This lawsuit stems from the death of eleven year old Margaret Charlotta Young, who contracted aplastic anemia after taking a cold medication prescribed for her by defendant Moss and supplied her by defendant Pickle. Margaret Charlotta Young was a resident of Mississippi, as are her parents and as are Moss and Pickle.

Margaret's parents hired attorneys to sue Moss, Pickle, and Parke-Davis, maker of the drug. The trauma of losing their daughter, however, left them psychologically unable to deal with the many reminders of the tragedy encountered in the course of preparing the suit, and Mr. and Mrs. Young ultimately resolved that they would either have to find an administrator to manage the suit in their place or forgo suing at all. Of their many relatives and acquaintances, Mr. and Mrs. Young believed that only Mrs. Young's sister, Madeline Bianca, a resident of a nearby town in Louisiana, had sufficient ties to the family to be named administratrix of Margaret's estate. Accordingly, Bianca was named administratrix by order of the Mississippi Chancery Court.
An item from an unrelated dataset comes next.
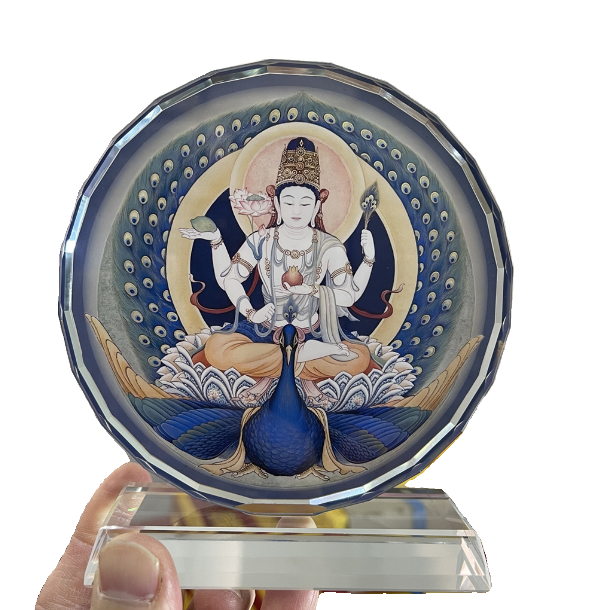 结缘孔雀明王佛母画像水晶摆件工艺品桌面摆设可搭配发光灯座

Bianca, as administratrix, then filed this wrongful death suit against Moss, Pickle, and Parke-Davis in the United States District Court. Moss and Pickle, in answering the complaint, asserted a lack of jurisdiction because Bianca had been improperly named under Sec. 1359 and her citizenship consequently could not be used to support diversity. The district court determined that because Bianca had no stake in the outcome of the wrongful death action and had been appointed administratrix for the sole purpose of bringing this suit, she was a "straw fiduciary." The diversity inquiry would accordingly look to the citizenship of the beneficiaries of the wrongful death action, Margaret's parents, who as Mississippi residents are not diverse as to defendants Moss and Pickle. The district court concluded that it lacked jurisdiction to try this suit, and granted the defendants' motion to dismiss.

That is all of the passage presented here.